Фантастическая Америка была землёй обетованной, свободной от ограничительных политических мер и рутины, царивших в Европе с её грузом прошлого. В куперовских первобытных лесах, среди их героических коренных обитателей и грубых, неотесанных поселенцев бодрящий открытый воздух мог бы освежить так называемую Europamüdigkeit (европейскую усталость) той эпохи. Болезнь века уже гнала молодых европейцев в Америку.
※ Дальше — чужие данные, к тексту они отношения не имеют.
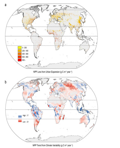 The terrestrial biosphere frequently acts as a carbon sink in the global carbon cycle. However, it may release a large amount of carbon dioxide and become a carbon source owing to some disturbances including droughts, urban expansion and other factors. As a crucial indicator of terrestrial ecosystems, terrestrial NPP reflects not only the production capability of vegetation but also the ecological processes directly (e.g., carbon source/sink). It is still uncertain what is the spatiotemporal details of terrestrial NPP change and their mechanisms. Many studies analyzed the responses of terrestrial NPP to urban land expansion and climate driving factors, respectively. Despite it, limited attempts addressed on their coupled impacts of the two factors on terrestrial NPP change, especially at the global scale. To solve this problem, Prof. Xiaoping Liu and his collaborators analyzed the spatiotemporal changes of global urban lands between 2000 and 2010 using a 30-m global land use dataset (i.e., GlobeLand30). In addition, terrestrial NPP was evaluated by combining MODIS NPP products (MOD17A3), the CASA model and the LPJ hydrology model. The relative contribution of global urban expansion and climate variability on terrestrial NPP were then discussed. It is found that global urban land expansion in past decade led to a decrease in terrestrial NPP (22.4 TgC year-1), which offset 30% of the NPP increase that caused by climate variability. The findings are of great significance to understand the complex mechanism of global terrestrial NPP changes.

В 1817 году началась трансатлантическая миграция немцев, возникали семейные связи, благодаря которым усиливалась привлекательность мира романов Купера, мира свободных первопроходцев. Весьма красноречивы следующие соображения Купера в журнале Literarisches Conversations-Blatt («Листок литературной беседы»):
«Образы полной сил жизни и мужественной смерти тысяч людей – вот что вывело меня из паралича повседневности. Они не только придали мне смелости роптать на постепенное разрушение своей гражданской жизни, но и внушили ощущения восторга и счастья».
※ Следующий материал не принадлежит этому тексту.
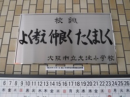 100周年記念として、地域の方々のご協力のもと、玄関に校訓が書かれた銘板を作製、取り付けていただきました。

Для меня всегда останется удивительным примером человеческой природы Шуберт, на смертном одре читающий «Последнего из могикан» и правящий верстку «Зимнего пути». Страдая от болезни, он, разумеется, пытался отвлечься. А что могло отвлечь лучше, чем чтение историй о приключениях на Диком Западе, историй, помешательство на которых сменило аналогичный бум вокруг Вальтера Скотта, предшественника Купера? Скотта Шуберт любил и перекладывал на музыку отрывки из его поэзии. Мысленно возвращаясь к «Зимнему пути», я думаю о скитальце среди пустошей, который глядит на Wegweiser – придорожный столб, но буквально – «указатель пути», и это напоминает о Натти Бампо, герое куперовских «романов о Кожаном Чулке» («Зверобой», «Следопыт», «Пионеры», «Прерия» и «Последний из могикан»). Сын белых родителей, Натти рос у индейцев‐делаваров и, привыкнув к их образу жизни, стал бесстрашен не менее своего друга и спутника могикана Чингачгука. Купер ушёл от простой идеализации индейцев, которую можно найти у Шатобриана в весьма популярных повестях – как, например, «Атала» (1801), которые охотно читали в Германии. Но руссоистская аура благородного дикаря по-прежнему окружает Натти и Чингачгука. И как раз Соколиный Глаз (одно из прозвищ Бампо) представляет собой идеальный синтез природы и цивилизации. Он прекрасно управляется с природной средой, владеет ее тайнами и живёт в единении с ней, всегда находя нужный путь. Натти – полная антитеза отчужденному европейцу, изгою, который «бесконечно блуждает, без покоя и ища покоя».
(13 ноября 1828 года
Два флорина за внутривенную инъекцию.
14 ноября 1828 года
Шуберт просит нескольких друзей сыграть струнный квартет до-диез Бетховена, оп. 131; он переполнен радостью от того, что друзья беспокоятся о нем. Нанята особая прислуга для ухода за больным.
16 ноября 1828 года
Врачи Йозеф фон Феринг и Иоганн Висгриль совмещаются по поводу состояния Шуберта. Их диагноз, по-видимому, «нервная горячка» (Nervenfieber).
17 ноября
Шуберт слаб, но в ясном уме. К вечеру начинается лихорадка.